Suggested citation for this article: Hurtado M, Spinner JR, Yang M, Evensen C, Windham A, Ortiz G, et al. Knowledge and Behavioral Effects in Cardiovascular Health: Community Health Worker Health Disparities Initiative, 2007–2010. Prev Chronic Dis 2014;11:130250. DOI: http://dx.doi.org/10.5888/pcd11.130250External Web Site Icon.
PEER REVIVEWED

Abstract

Introduction
Cardiovascular disease is the leading cause of death in the United States, and disparities in cardiovascular health exist among African Americans, American Indians, Hispanics, and Filipinos. The Community Health Worker Health Disparities Initiative of the National Heart, Lung, and Blood Institute (NHLBI) includes culturally tailored curricula taught by community health workers (CHWs) to improve knowledge and heart-healthy behaviors in these racial/ethnic groups.
Methods
We used data from 1,004 community participants in a 10-session curriculum taught by CHWs at 15 sites to evaluate the NHLBI’s health disparities initiative by using a 1-group pretest–posttest design. The curriculum addressed identification and management of cardiovascular disease risk factors. We used linear mixed effects and generalized linear mixed effects models to examine results.
Results
Average participant age was 48; 75% were female, 50% were Hispanic, 35% were African American, 8% were Filipino, and 7% were American Indian. Twenty-three percent reported a history of diabetes, and 37% reported a family history of heart disease. Correct pretest to posttest knowledge scores increased from 48% to 74% for heart healthy knowledge. The percentage of participants at the action or maintenance stage of behavior change increased from 41% to 85%.
Conclusion
Using the CHW model to implement community education with culturally tailored curricula may improve heart health knowledge and behaviors among minorities.
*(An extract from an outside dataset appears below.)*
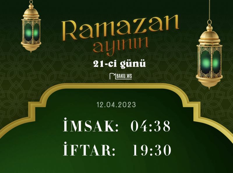 Qafqaz Müsəlmanları İdarəsinin açıqladığı Ramazan təqviminə əsasən, aprelin 12-də imsak vaxtı saat 04:38-də, iftar vaxtı isə 19:30-dadır.

Further studies should examine the influence of such programs on clinical risk factors for cardiovascular disease.

Author Information

Corresponding Author: Jovonni R. Spinner, MPH, National Institutes of Health, National Heart, Lung, and Blood Institute, 31 Center Dr, MSC 2480, Room 4A29D, Bethesda, MD 20892. Telephone: 301-496-1051. E-mail: Jovonni.spinner@nih.gov.
Author Affiliations: Margarita Hurtado, Manshu Yang, Christian Evensen, Amy Windham, American Institutes for Research, Washington, DC; Gloria Ortiz, Rachael Tracy, Edward Donnell Ivy, National Institutes of Health, Bethesda, Maryland.